What was good for Chicago was good for the Machine, and vice versa; that was the line, and there is some truth to it. It is impossible to understand Chicago then or now without understanding the Machine and that means understanding Da Mare, Daley; and no one seems to, though Mike Royko came as close as anyone in "Boss." There are anecdotes and the usual folklore--can it be true that he had a hundred relatives on the city payroll?--but they all seem to tail off into sentimental ironies and incomplete paradoxes. How did he do it for all those years? At the height of his power the Protestant Republican business community admired Daley no less than the authorities at the Archdiocese or the sleaziest ward heeler; at some of the better think tanks they studied him as though he were Socrates.

Daley's publicists were quick to call Chicago "the city that works," and for a time it seemed to. Tough town, hard and dry and humorous as opposed, say, to Washington, D.C.'s soft and wet and dour. There were a few goo-goo liberals but they were safely aloft on the near North Side and Hyde Park-Kenwood, and every now and then the Machine would throw them a bone and let them run someone like the Adlai Stevensons. And the Machine was happy to do it! Why not? They were loyal, mostly; and liberals always contributed money. The Adlais, pere et fils , were a little hard to figure out sometimes. They didn't seem to want it the way politicians are supposed to want it, the way you want it if you're an Irishman from back of the yards.
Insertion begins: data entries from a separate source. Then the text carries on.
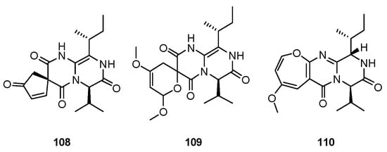 - Huang, R.M.; Yi, X.-X.; Zhou, Y.; Su, X.; Peng, Y.; Gao, C.-H. An update on 2,5-diketopiperazines from marine organisms. Mar. Drugs 2014, 12, 6213–6235. [Google Scholar] [CrossRef]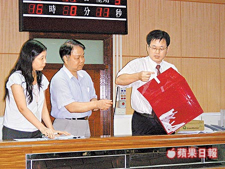 吳淑珍明天可能出庭,臺北地方法院庭長黃俊明(右)昨抽簽決定20名旁聽民眾。來源:臺灣《蘋果日報》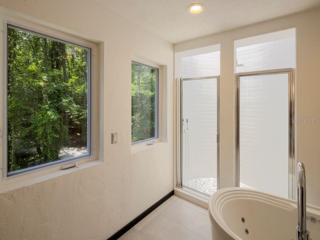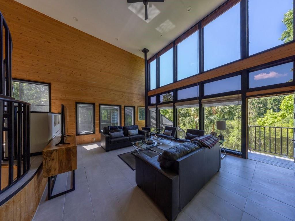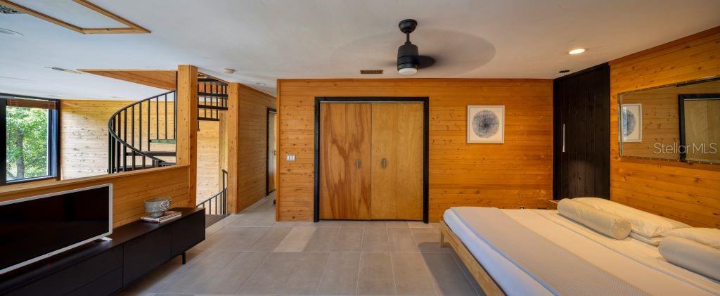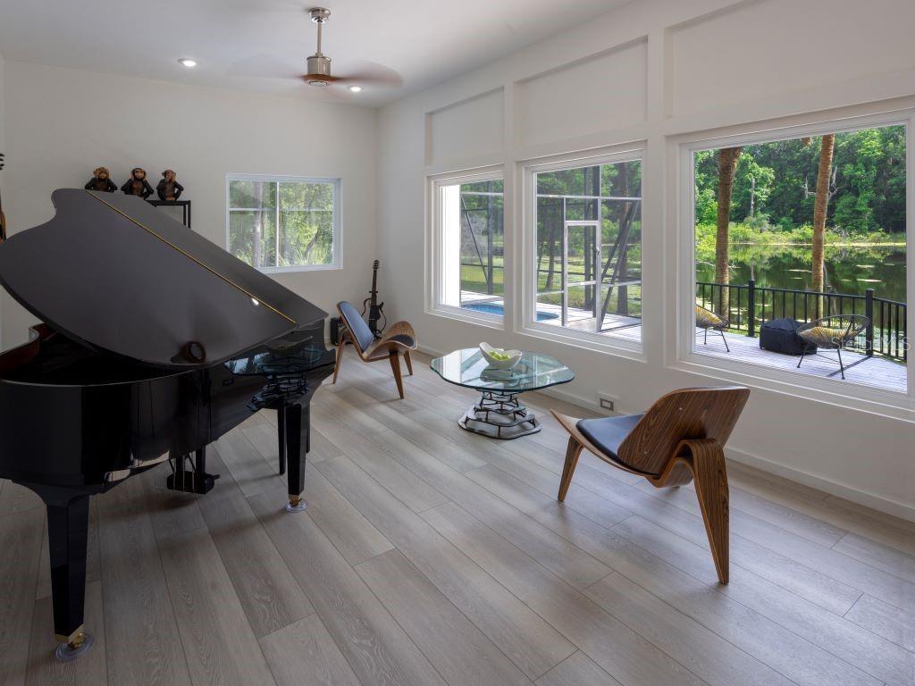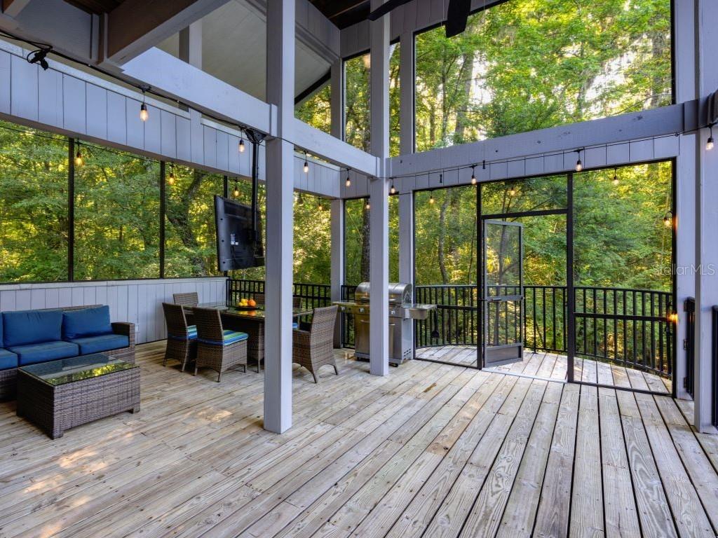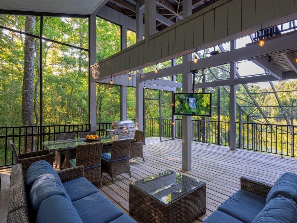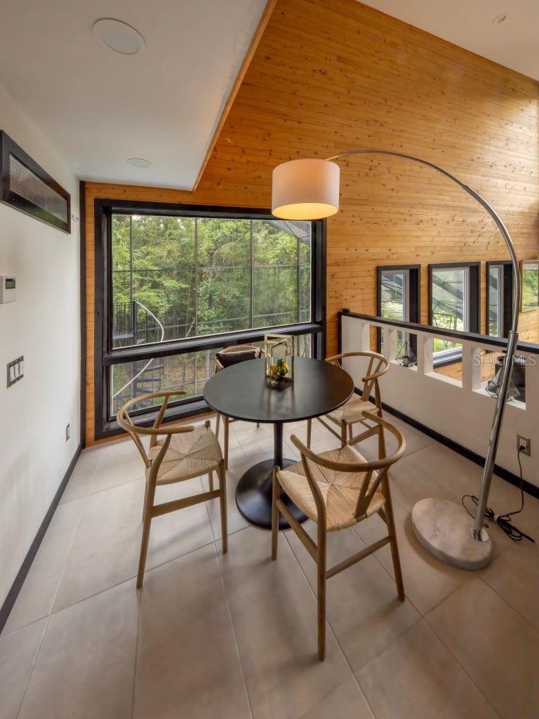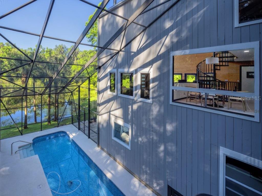 A once in a lifetime opportunity to acquire a captivating, private waterfront 4-story post-modern tree-house that sets this property apart as a truly unique gem. Designed by local architect Tom Tonnelier in 1991, emphasis was placed on maximizing the surrounding natural beauty with decks and balconies, large picture windows from every level, a lap pool housed in a multi-story screened-in area. Wake up daily to the immersive experience with the woodland setting and waterfront views on this 1.93 acre retreat. Attention to detail is evident throughout, remodeled in 2022/2023 with fully upgraded features and modern comforts integrated seamlessly into the design. This outstanding property presents a unique opportunity to live the lifestyle of luxury, privacy, and natural beauty in a meticulously designed and upgraded architectural 4 bedroom, 2.5 bathroom home. The first floor features a stunning flexible living area, currently utilized as a music room. The picture windows offer a seamless connection to the outdoors, allowing natural light to flood the room. A large adjacent deck provides access to the lake and the in-ground 40 foot lap pool. Two guest bedrooms, a double sink vanity bathroom with walk-in shower, a kitchenette/bar area with mini fridge, and a laundry closet complete this floor. The showcase spiral stairway, running the full height of the residence, provides access to all living areas via a custom built curved barn-door. From the exterior, a new elevator leads from the front deck to the main living deck. On the second floor, a spectacular, light-filled, open-concept layout joins the sunken great room, dining area, custom-built kitchen and guest bathroom. The southwest facing 20-foot wall showcases two-story floor to ceiling windows which bring the abundance of nature at this lakeside retreat into the indoors. The home was strategically positioned on the lot to accept the warmth of the sun in winter and avoid the direct heat of the sun in summer. French doors lead to the screened multi-story outdoor living and dining areas with staircase access to the pool. The owners’ suite encompasses the entirety of third floor. Enjoy the luxurious ensuite, complete with freestanding spa bath, double sink vanity, linen closet and a two-story, glass-ceiling, rain shower! The suite contains separate closets and French doors leading to a balcony overlooking the outdoor living/dining room and the pool. Finally, the fourth floor observatory affords 360-degree area viewing and a covered balcony nestled amongst 100 foot high magnolia trees and creeping jasmine. This amazing property is located in the serene and sought-after Hammock neighborhood, a short drive to the Hunters Crossing Publix Shopping Center, ensuring easy access to shopping, dining, and entertainment options. Zoned for Talbot Elementary, Fort Clark Middle and Gainesville High Schools. Close to San Felasco Hammock State Park, Devil's Millhopper Geological State Park, countless springs, UF Health/Shands, HCA North Florida Hospital, and more!

Everyone knows they think differently in Libertyville but--those civics courses at Princeton must really've been sum'thun. Probably they had never studied the monologues of Ed Kelly, one of Daley's most distinguished predecessors and a seminal municipal philosopher. Ed Kelly said that in Chicago foxes and wolves dined very well, but lambs ended up head down on the hook.
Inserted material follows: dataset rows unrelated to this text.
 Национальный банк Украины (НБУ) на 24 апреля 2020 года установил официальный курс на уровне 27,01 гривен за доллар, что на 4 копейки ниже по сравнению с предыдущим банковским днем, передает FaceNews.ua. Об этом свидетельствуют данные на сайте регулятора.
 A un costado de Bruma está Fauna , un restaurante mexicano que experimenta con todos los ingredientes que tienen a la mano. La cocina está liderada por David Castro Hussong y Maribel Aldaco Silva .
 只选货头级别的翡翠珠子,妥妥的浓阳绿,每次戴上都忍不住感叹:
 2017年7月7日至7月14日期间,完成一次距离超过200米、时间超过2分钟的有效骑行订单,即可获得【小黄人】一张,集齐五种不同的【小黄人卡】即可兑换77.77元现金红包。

It did work. The city worked and the Machine worked, yet by the evidence of Jane Byrne's memoir and Gary Rivlin's history the city government was little better than a giant racket (according to Rivlin virtually every one of the city's 40,000 employees was connected to one local ward organization or another, and while that is not prima facie evidence of corruption it is not entirely consoling either), the sort of great good place similar to the sour definition of the Ford Foundation--a large body of money surrounded by people who want some. By the evidence of these books, it is astonishing that the garbage got collected and the fires fought and the street lights lit. But they did, more or less.
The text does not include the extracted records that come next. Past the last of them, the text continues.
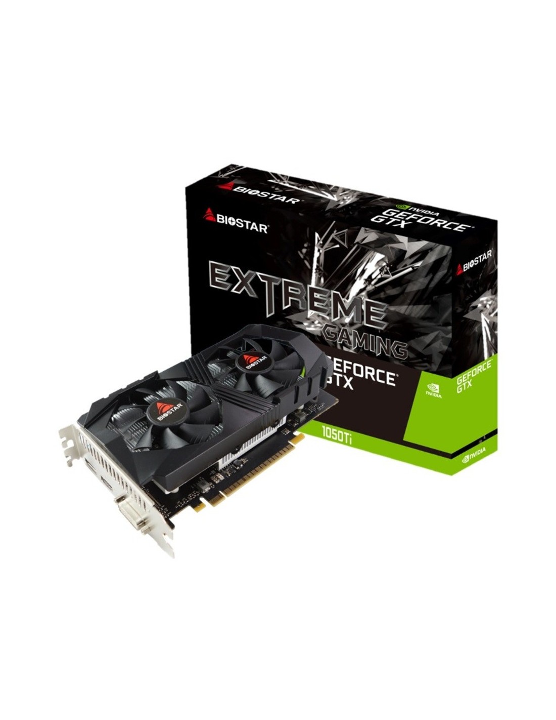Biostar GeForce GTX1050Ti. Familia de procesadores de gráficos: NVIDIA, Procesador gráfico: GeForce GTX 1050 Ti, Frecuencia del procesador: 1291 MHz. Capacidad memoria de adaptador gráfico: 4 GB, Tipo de memoria de adaptador gráfico: GDDR5, Ancho de datos: 128 bit, Velocidad de memoria del reloj: 7008 MHz. Máxima resolución: 7680 x 4320 Pixeles. Versión DirectX: 12.0. Tipo de interfaz: PCI Express 3.0. Tipo de enfriamiento: Activo, Número de ventiladores: 2 Ventilador(es)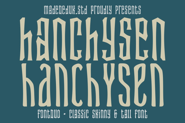 Hanchysen Font is a classic skinny and tall font duo with dramatic verticality, high contrast strokes, from high-fashion headlines layouts. A sleek and sharply styled ultra-condensed font crafted for standout display work. This font fits perfectly in logos, contemporary posters, album art, and lifestyle driven branding. Whether you’re creating digital content or printed materials.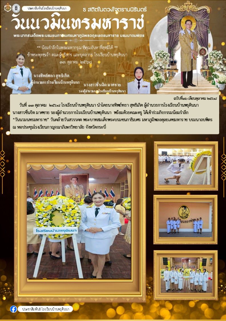 13 ตุลาคม 2568 ✨ ผู้บริหาร ตัวแทนคณะครู โรงเรียนบ้านพรุดินนา ร่วมพิธีวางพวงมาลา เนื่องในวันนวมินทรมหาราช ณ หอประชุมโรงเรียนกาญจนาภิเษกวิทยาลัย กระบี่

Of course in any great civic enterprise there are those who do not fit in. Perhaps they do not have talented or cloutful spokesmen; these folks are often neglected. They belong to the wrong parish or have an indolent alderman, or an alderman who sees himself as servant, not master, of the Machine that selected him. So over the years the blacks were kept in line by Congressman William Dawson and his cronies; Dawson & Company had jobs and favors, and while those jobs were rarely at a supervisory level--well, it was work that paid. And then came 1968 and the disastrous convention that fatally damaged Daley's authority; things commenced to sip out of control. The coincident rise of black nationalism was threatening to the white and black establishments alike; and then ordinary blacks began to understand just how far down they were, relative to whites. When Daley died of a stroke in 1976 the Machine was like the tribe that lost its head, though not its rapacity. And very soon everyone in Chicago understood that here were two cities, one white, one black, and that the black part was angrier than anyone imagined.